# Refine and Visualize Annotations

Refine cell type annotations based on Leiden clustering, label transfer results, and validation with spatial localization within the tissue using customized visualization functions.

**Pinned Environment:** [`envs/sc-spatial.yaml`](../../envs/sc-spatial.yaml)  

In [None]:
import os
from pathlib import Path
import sys
import scanpy as sc
import matplotlib.pyplot as plt
import matplotlib.colors as mcolors
import seaborn as sns
import session_info

In [None]:
plt.rcParams["figure.figsize"] = (8, 8)
plt.rcParams["figure.dpi"] = 150

## Paths

In [None]:
sys.path.append(str(Path.cwd().resolve().parents[1]))
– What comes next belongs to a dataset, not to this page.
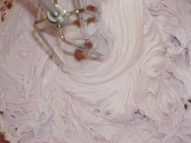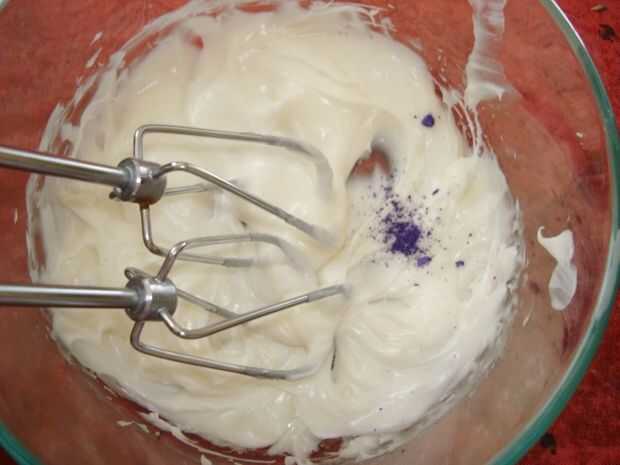 Retire la mezcla del refrigerador. Agregar colorante, usé unas escamas desde la sombra de ojos púrpura y no color de mi piel. Fue muy bonito en la botella! Mezclar bien. Batir de nuevo durante 2 minutos. Enfriar durante unos minutos.

from config.paths import BASE_DIR

input_dir = BASE_DIR / "data/h5ad/export_04"
output_dir = BASE_DIR / "data/h5ad/export_07"
output_dir.mkdir(parents=True, exist_ok=True)

# Note: export_05 and export_06 are skipped — both were superseded by the finalized clustering & cell labeling workflow

## Import data

In [None]:
adata = sc.read_h5ad(
    os.path.join(input_dir, "adata-scanvi-labels.h5ad")
)

In [None]:
sample_to_group = {
    "TIS09473_Control": "Control",
    "TIS09471_Control": "Control",
    "TIS09472_Control": "Control",
    "TIS09475_Trpv1+": "Trpv1-cre",
    "TIS09474_Trpv1+": "Trpv1-cre",
    "TIS09476_Trpv1+": "Trpv1-cre",
}
adata.obs["group"] = adata.obs["sample_id"].map(sample_to_group)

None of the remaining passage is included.